[[ RECORDS PROVIDED, beginning ]]

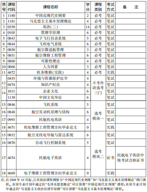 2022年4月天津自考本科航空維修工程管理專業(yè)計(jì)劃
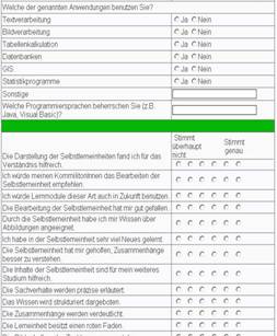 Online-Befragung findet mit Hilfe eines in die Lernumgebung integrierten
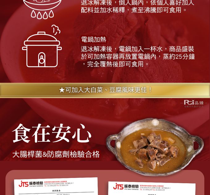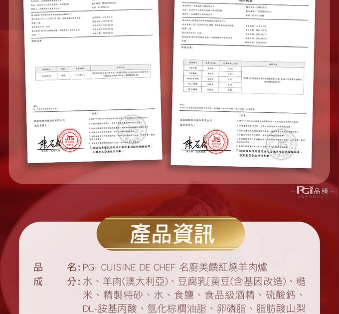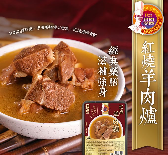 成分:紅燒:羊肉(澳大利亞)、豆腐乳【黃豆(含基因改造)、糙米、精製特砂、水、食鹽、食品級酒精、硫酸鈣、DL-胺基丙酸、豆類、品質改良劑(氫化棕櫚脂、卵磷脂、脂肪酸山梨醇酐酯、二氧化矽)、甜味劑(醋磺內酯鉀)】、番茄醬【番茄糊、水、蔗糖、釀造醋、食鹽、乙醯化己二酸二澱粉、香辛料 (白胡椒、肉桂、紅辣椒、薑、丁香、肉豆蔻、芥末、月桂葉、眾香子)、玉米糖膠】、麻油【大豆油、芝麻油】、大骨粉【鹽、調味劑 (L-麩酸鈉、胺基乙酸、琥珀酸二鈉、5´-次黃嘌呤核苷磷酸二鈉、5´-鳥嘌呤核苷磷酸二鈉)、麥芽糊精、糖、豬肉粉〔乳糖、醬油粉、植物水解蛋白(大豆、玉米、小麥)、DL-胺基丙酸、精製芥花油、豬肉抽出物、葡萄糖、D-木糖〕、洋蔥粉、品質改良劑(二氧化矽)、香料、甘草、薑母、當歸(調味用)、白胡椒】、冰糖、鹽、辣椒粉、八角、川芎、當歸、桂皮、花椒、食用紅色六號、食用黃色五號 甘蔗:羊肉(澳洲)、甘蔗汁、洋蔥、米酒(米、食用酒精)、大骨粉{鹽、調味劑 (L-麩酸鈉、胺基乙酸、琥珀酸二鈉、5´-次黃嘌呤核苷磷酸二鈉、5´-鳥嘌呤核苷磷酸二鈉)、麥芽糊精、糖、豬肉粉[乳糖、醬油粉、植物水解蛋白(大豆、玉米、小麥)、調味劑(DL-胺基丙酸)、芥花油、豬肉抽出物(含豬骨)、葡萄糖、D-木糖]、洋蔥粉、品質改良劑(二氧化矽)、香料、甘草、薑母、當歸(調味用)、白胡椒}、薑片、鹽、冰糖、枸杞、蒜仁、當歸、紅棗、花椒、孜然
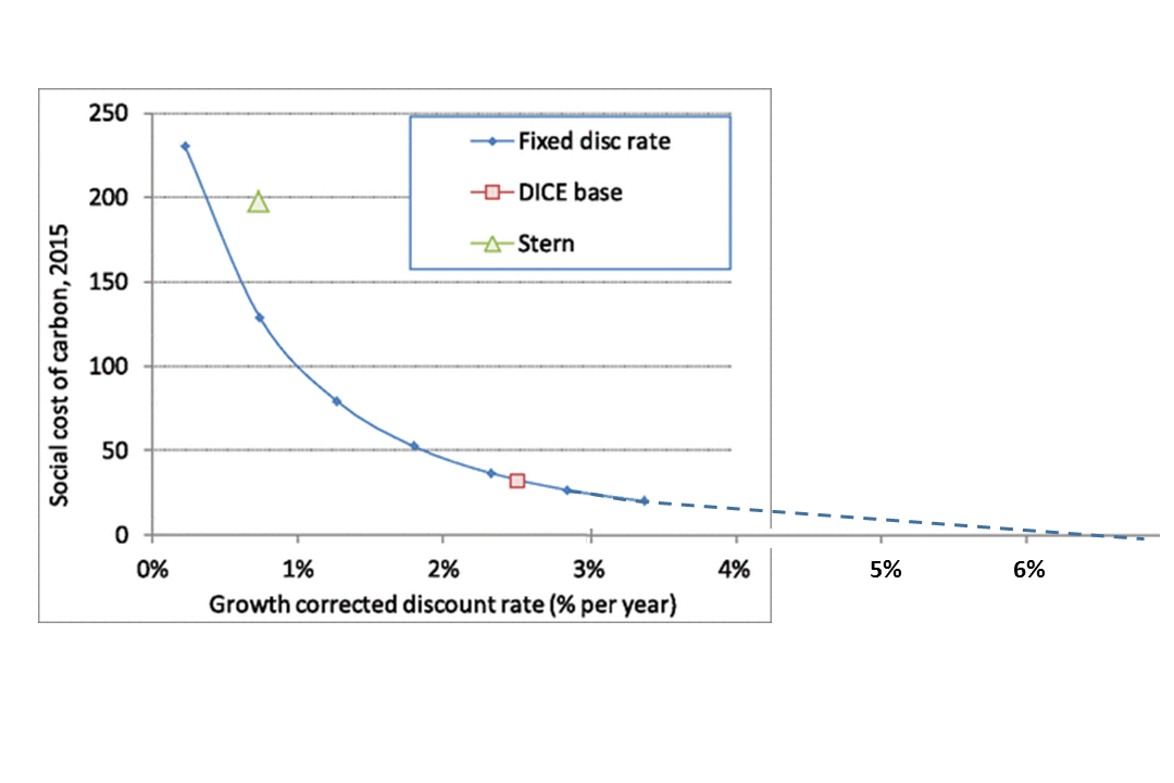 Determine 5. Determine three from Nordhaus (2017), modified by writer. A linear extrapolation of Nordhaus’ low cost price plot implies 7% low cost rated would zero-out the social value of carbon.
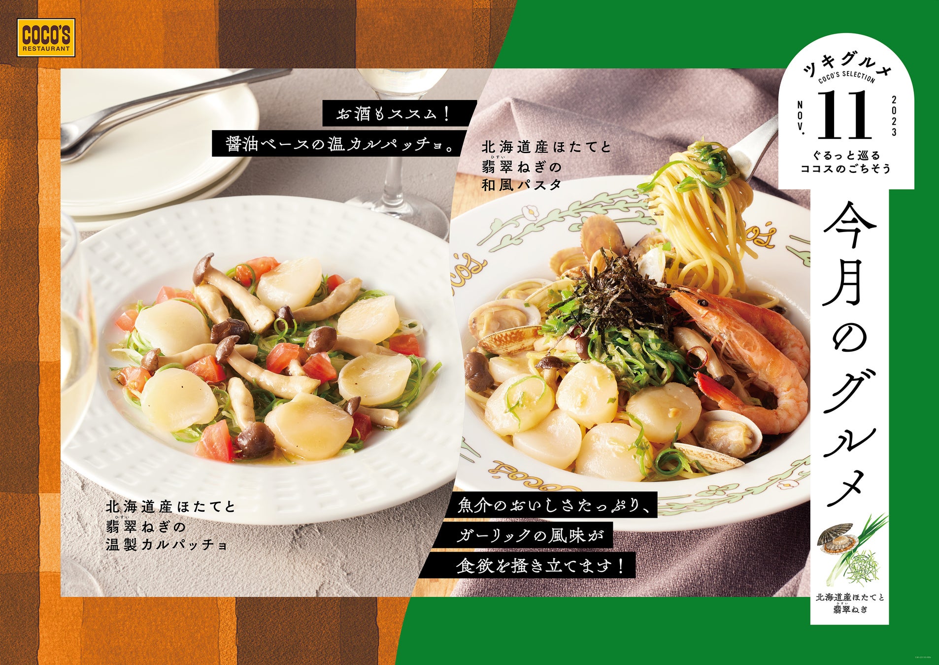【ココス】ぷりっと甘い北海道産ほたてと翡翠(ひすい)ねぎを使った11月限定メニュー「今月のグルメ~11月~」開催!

[[ RECORDS PROVIDED, end ]]

Print all the records exactly, minus any images.

 2022年4月天津自考本科航空維修工程管理專業(yè)計(jì)劃
 Online-Befragung findet mit Hilfe eines in die Lernumgebung integrierten
 成分:紅燒:羊肉(澳大利亞)、豆腐乳【黃豆(含基因改造)、糙米、精製特砂、水、食鹽、食品級酒精、硫酸鈣、DL-胺基丙酸、豆類、品質改良劑(氫化棕櫚脂、卵磷脂、脂肪酸山梨醇酐酯、二氧化矽)、甜味劑(醋磺內酯鉀)】、番茄醬【番茄糊、水、蔗糖、釀造醋、食鹽、乙醯化己二酸二澱粉、香辛料 (白胡椒、肉桂、紅辣椒、薑、丁香、肉豆蔻、芥末、月桂葉、眾香子)、玉米糖膠】、麻油【大豆油、芝麻油】、大骨粉【鹽、調味劑 (L-麩酸鈉、胺基乙酸、琥珀酸二鈉、5´-次黃嘌呤核苷磷酸二鈉、5´-鳥嘌呤核苷磷酸二鈉)、麥芽糊精、糖、豬肉粉〔乳糖、醬油粉、植物水解蛋白(大豆、玉米、小麥)、DL-胺基丙酸、精製芥花油、豬肉抽出物、葡萄糖、D-木糖〕、洋蔥粉、品質改良劑(二氧化矽)、香料、甘草、薑母、當歸(調味用)、白胡椒】、冰糖、鹽、辣椒粉、八角、川芎、當歸、桂皮、花椒、食用紅色六號、食用黃色五號 甘蔗:羊肉(澳洲)、甘蔗汁、洋蔥、米酒(米、食用酒精)、大骨粉{鹽、調味劑 (L-麩酸鈉、胺基乙酸、琥珀酸二鈉、5´-次黃嘌呤核苷磷酸二鈉、5´-鳥嘌呤核苷磷酸二鈉)、麥芽糊精、糖、豬肉粉[乳糖、醬油粉、植物水解蛋白(大豆、玉米、小麥)、調味劑(DL-胺基丙酸)、芥花油、豬肉抽出物(含豬骨)、葡萄糖、D-木糖]、洋蔥粉、品質改良劑(二氧化矽)、香料、甘草、薑母、當歸(調味用)、白胡椒}、薑片、鹽、冰糖、枸杞、蒜仁、當歸、紅棗、花椒、孜然
 Determine 5. Determine three from Nordhaus (2017), modified by writer. A linear extrapolation of Nordhaus’ low cost price plot implies 7% low cost rated would zero-out the social value of carbon.
【ココス】ぷりっと甘い北海道産ほたてと翡翠(ひすい)ねぎを使った11月限定メニュー「今月のグルメ~11月~」開催!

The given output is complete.